■ Your goal ■
What is needed is a word-for-word copy of every record below, minus the pictures.

■ Material to process ■
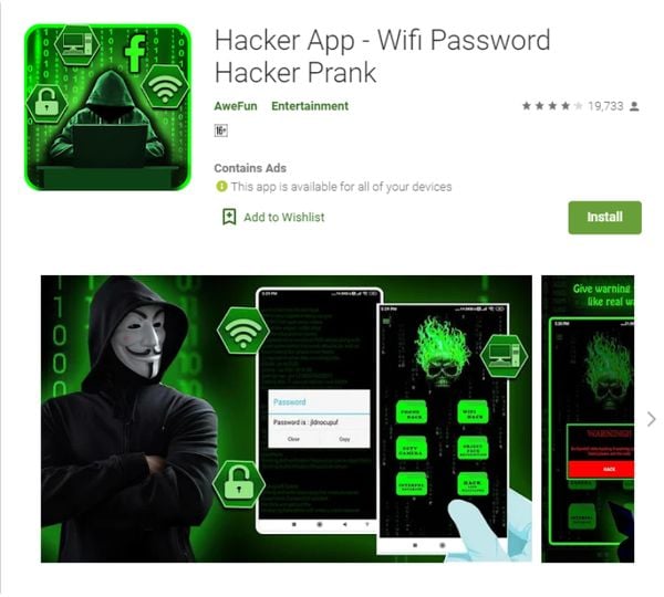 Sau khi tải ứng dụng Hacker Prank về, bạn có thể tự chọn mạng Wifi gần nhất và sau đó chọn chia sẻ kết nối Wifi hoặc điểm phát sóng. WiFi Password Hacker Prank sau đó được khởi chạy ngay lập tức. Sau khi nhấn nút cài đặt, bạn có thể chọn WPA, WPA2, WEP, v.v.
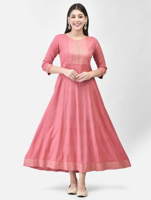 - » pink three quarter sleeve flared kurta
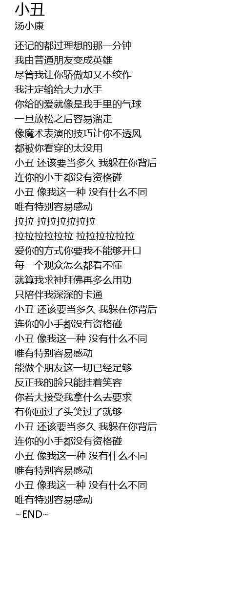 | [03:04.64] | 小丑 像我这一种 没有什么不同 |
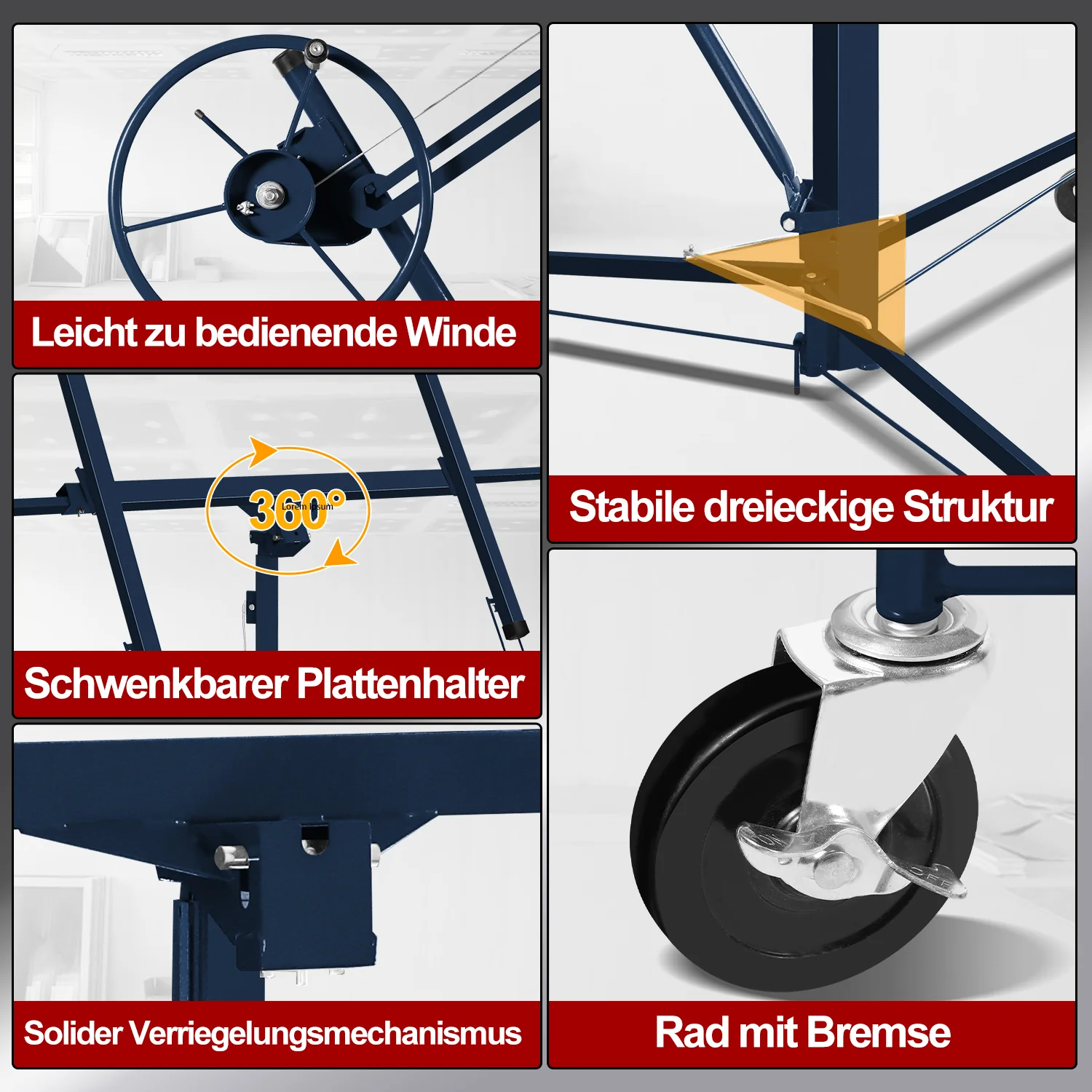 Plattenheber 68 kg Traglast klappbar Höhenverstellbar 140cm -325cm
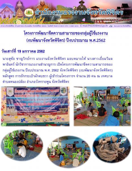 นายสุชัย ชาญวิกย์การ แรงงานจังหวัดพิจิตร พร้อมด้วยเจ้าหน้าที่ผู้รับผิดชอบโครงการเปิดโครงการพัฒนาขีดความสามารถของกลุ่มผู้ใช้แรงงาน ปีงบประมาณ พ.ศ. 2562 จังหวัดพิจิตร (งบพัฒนาจังหวัดพิจิตร) หลักสูตร

■ Exercise response ■
 Sau khi tải ứng dụng Hacker Prank về, bạn có thể tự chọn mạng Wifi gần nhất và sau đó chọn chia sẻ kết nối Wifi hoặc điểm phát sóng. WiFi Password Hacker Prank sau đó được khởi chạy ngay lập tức. Sau khi nhấn nút cài đặt, bạn có thể chọn WPA, WPA2, WEP, v.v.
 - » pink three quarter sleeve flared kurta
 | [03:04.64] | 小丑 像我这一种 没有什么不同 |
 Plattenheber 68 kg Traglast klappbar Höhenverstellbar 140cm -325cm
 นายสุชัย ชาญวิกย์การ แรงงานจังหวัดพิจิตร พร้อมด้วยเจ้าหน้าที่ผู้รับผิดชอบโครงการเปิดโครงการพัฒนาขีดความสามารถของกลุ่มผู้ใช้แรงงาน ปีงบประมาณ พ.ศ. 2562 จังหวัดพิจิตร (งบพัฒนาจังหวัดพิจิตร) หลักสูตร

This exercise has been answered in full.